» EXERCISE INSTRUCTIONS:
Your copy of the data should match it exactly, except that the pictures are gone.

DATA TO USE Block Start

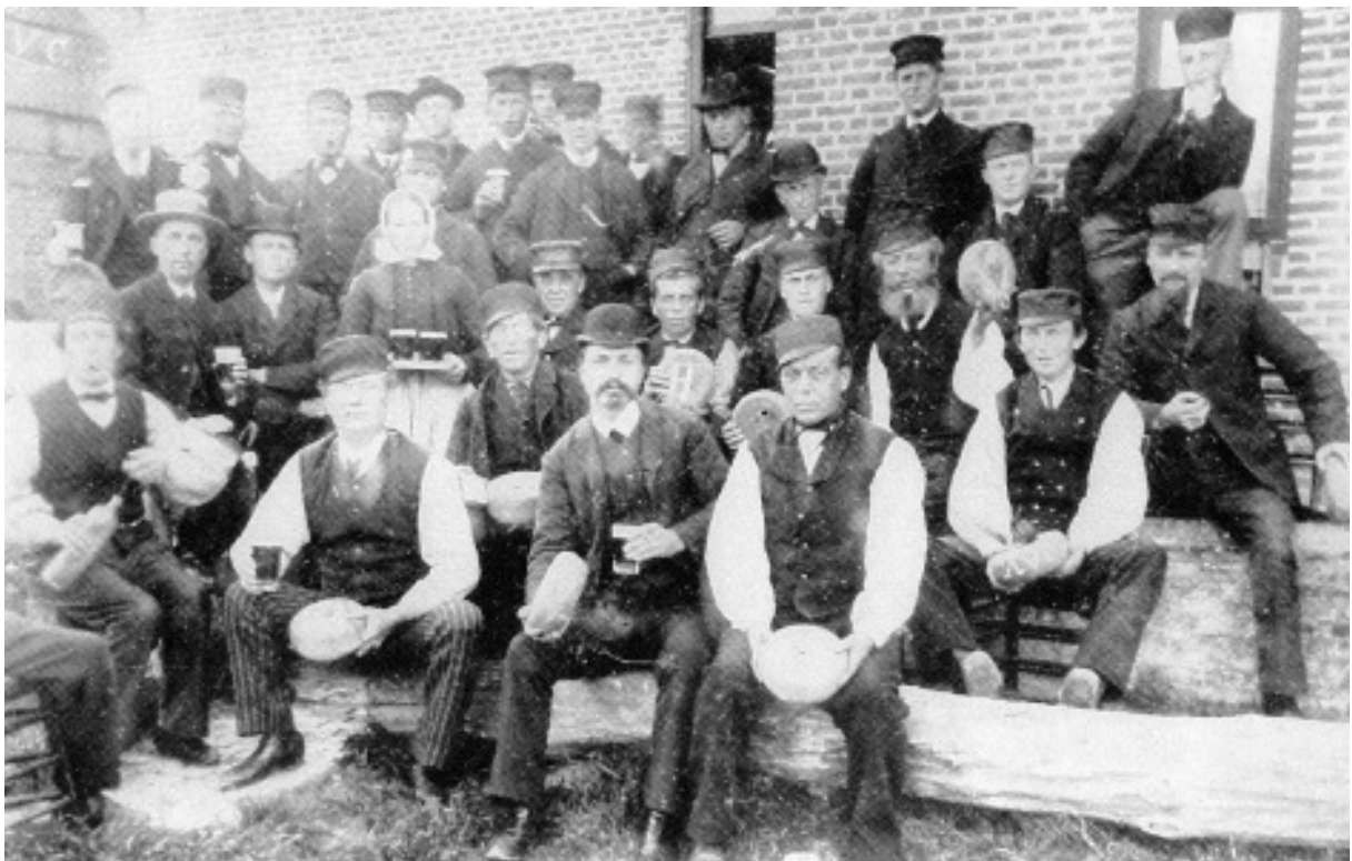
Bollers op de bolbaan in Zuidzande.

In de loop der tijd zijn er in het spel veranderingen opgetreden of doelbewust aangebracht. Deze veranderingen hangen deels samen met het gebruikte spelmateriaal. Als er met zowel stenen als schijven naar een staak geworpen wordt, zoals we hierboven bij Antonius van Torre in 1711 zagen, dan zullen de stenen vaak gegooid en de schijven gerold zijn. Blijkbaar maakte dat voor het spelverloop niet uit. Daarnaast werd vroeger achter de staak een lijn getrokken, waar de stenen of schijven niet achter terecht mochten komen, onder de sanctie dat men dan 'af' was. Ook de puntentelling was in de tijd van Van Torre gecompliceerder dan tegenwoordig. Trends in de ontwikkeling van het spel in de afgelopen driehonderd jaar lijken dus die naar eenduidigheid van het spelmateriaal en vereenvoudiging van de spelregels geweest te zijn.
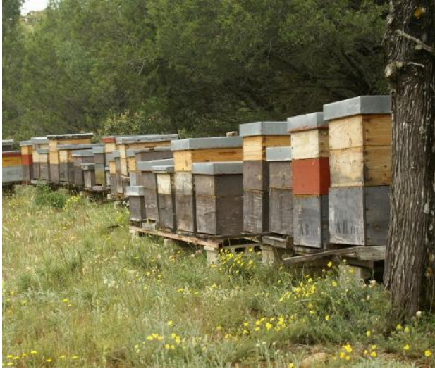
La apicultura practicada en Europa, EEUU, América
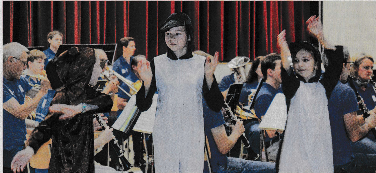
Mit dem Kinderkonzert will die Musik Fislisbach die Jüngsten neugierig auf das Musizieren machen

nen und Teilnehmer momentan pausiert, war zusätzliche Motivation, erneut zu einem Kinderkonzert zu laden und die Kinder im Dorf für die Musik zu begeistern. Diesmal ging es im Konzert in den Zoo. Weil die Zoowärterin nicht richtig abgeschlossen hatte, bückten zwei Pinguine aus ihrem Gehege aus. Unterwegs begegnen sie zahlreichen tierischen Gehegenachbarn. Mit passenden Musikstücken wie «Baby Elephant Walk» oder «Biene Maja» kamen die jungen Besucherinnen und Besucher des Kinderkonzerts während 40 Minuten auf ihre Kosten. Wer Lust hatte, durfte mittanzen. Im Anschluss durften die Kinder sich die Instrumente der Musik Fislisbach anschauen und diese teilweise ausprobieren. Das Kuchenbuffet und die Sirupbar im Freien rundeten den Anlass ab.

DATA TO USE Block End

» TASK RESPONSE:
Bollers op de bolbaan in Zuidzande.

In de loop der tijd zijn er in het spel veranderingen opgetreden of doelbewust aangebracht. Deze veranderingen hangen deels samen met het gebruikte spelmateriaal. Als er met zowel stenen als schijven naar een staak geworpen wordt, zoals we hierboven bij Antonius van Torre in 1711 zagen, dan zullen de stenen vaak gegooid en de schijven gerold zijn. Blijkbaar maakte dat voor het spelverloop niet uit. Daarnaast werd vroeger achter de staak een lijn getrokken, waar de stenen of schijven niet achter terecht mochten komen, onder de sanctie dat men dan 'af' was. Ook de puntentelling was in de tijd van Van Torre gecompliceerder dan tegenwoordig. Trends in de ontwikkeling van het spel in de afgelopen driehonderd jaar lijken dus die naar eenduidigheid van het spelmateriaal en vereenvoudiging van de spelregels geweest te zijn.
La apicultura practicada en Europa, EEUU, América
Mit dem Kinderkonzert will die Musik Fislisbach die Jüngsten neugierig auf das Musizieren machen

nen und Teilnehmer momentan pausiert, war zusätzliche Motivation, erneut zu einem Kinderkonzert zu laden und die Kinder im Dorf für die Musik zu begeistern. Diesmal ging es im Konzert in den Zoo. Weil die Zoowärterin nicht richtig abgeschlossen hatte, bückten zwei Pinguine aus ihrem Gehege aus. Unterwegs begegnen sie zahlreichen tierischen Gehegenachbarn. Mit passenden Musikstücken wie «Baby Elephant Walk» oder «Biene Maja» kamen die jungen Besucherinnen und Besucher des Kinderkonzerts während 40 Minuten auf ihre Kosten. Wer Lust hatte, durfte mittanzen. Im Anschluss durften die Kinder sich die Instrumente der Musik Fislisbach anschauen und diese teilweise ausprobieren. Das Kuchenbuffet und die Sirupbar im Freien rundeten den Anlass ab.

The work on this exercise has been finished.